In addition, the FDA and other global health regulatory agencies may also experience disruptions in their operations as a result of the COVID-19 pandemic. The FDA and comparable foreign regulatory agencies may have slower response times or be under-resourced and, as a result, review, inspection and other timelines may be materially delayed. For example, in response to the global pandemic of COVID-19, on March 10, 2020 the FDA announced its intention to postpone most foreign inspections of manufacturing facilities and products, and subsequently, on March 18, 2020, the FDA announced its intention to temporarily postpone routine surveillance inspections of domestic manufacturing facilities. Regulatory authorities outside the United States may adopt similar restrictions or other policy measures in response to the COVID-19 pandemic. It is unknown how long such delays or disruptions could last. Any elongation or de-prioritization of our clinical or other product development activities or delay in regulatory review resulting from such disruptions could materially affect our results of operations.

The ultimate impact of COVID-19 is highly uncertain and subject to change. This impact could have a material, adverse impact on our liquidity, capital resources, operations and business and those of the third parties on which we rely. The extent to which COVID-19 impacts our results will depend on future developments, which are highly uncertain and cannot be predicted, including new information which may emerge concerning the severity of COVID-19 and the actions to contain COVID-19 or treat its impact, among others. We do not yet know the full extent of potential delays or impacts on our business, financial condition and results of operations. Additionally, while the potential economic impact brought by, and the duration of, the COVID-19 pandemic is difficult to assess or predict, the impact of COVID-19 on the global financial markets may reduce our ability to access capital, which could negatively impact our short-term and long-term liquidity and our ability to operate.

Unfavorable global economic conditions could adversely affect our business, financial condition or results of operations.

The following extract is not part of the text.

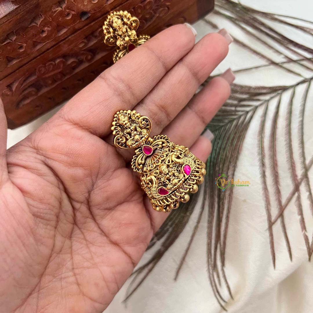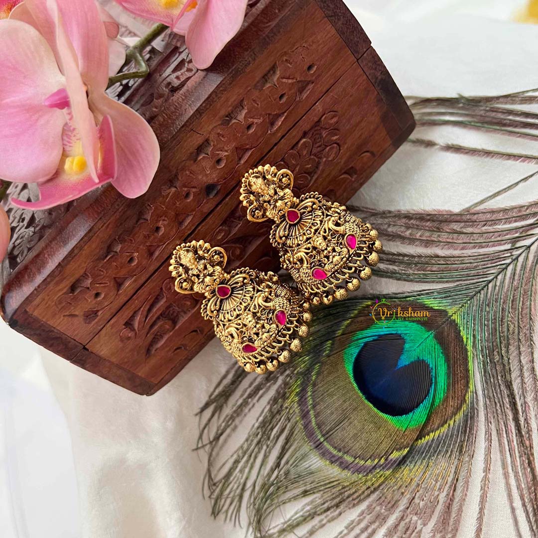 Embrace divine elegance with these exquisite temple Lakshmi jhumka earrings, rendered in lustrous antique gold with striking red gemstone embellishments. Inspired by sacred temple jewelry traditions, each piece features intricate gold bead work that captures the essence of timeless craftsmanship. These sophisticated earrings are a testament to cultural heritage, perfect for special celebrations or those who cherish meaningful, ornate jewelry with spiritual significance.
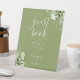 Moss Green Elegant Floral Greenery Guest Book Pedestal Sign

Our results of operations could be adversely affected by general conditions in the global economy and in the global financial markets. The global financial crisis caused extreme volatility and disruptions in the capital and credit markets. A severe or prolonged economic downturn, such as the global financial crisis, could result in a variety of risks to our business, including driving hospitals to tighten budgets and curtail spending, which would negatively impact our sales and business. In addition, higher unemployment or reductions in business benefits plans could result in fewer commercially insured patients, which could negatively impact our revenue and business as a result. A weak or declining economy could also strain our manufacturers or suppliers, possibly resulting in supply disruption, or cause our customers to delay making payments for our services. Any of the foregoing could harm our business and we cannot anticipate all of the ways in which the economic climate and financial market conditions could adversely affect our business.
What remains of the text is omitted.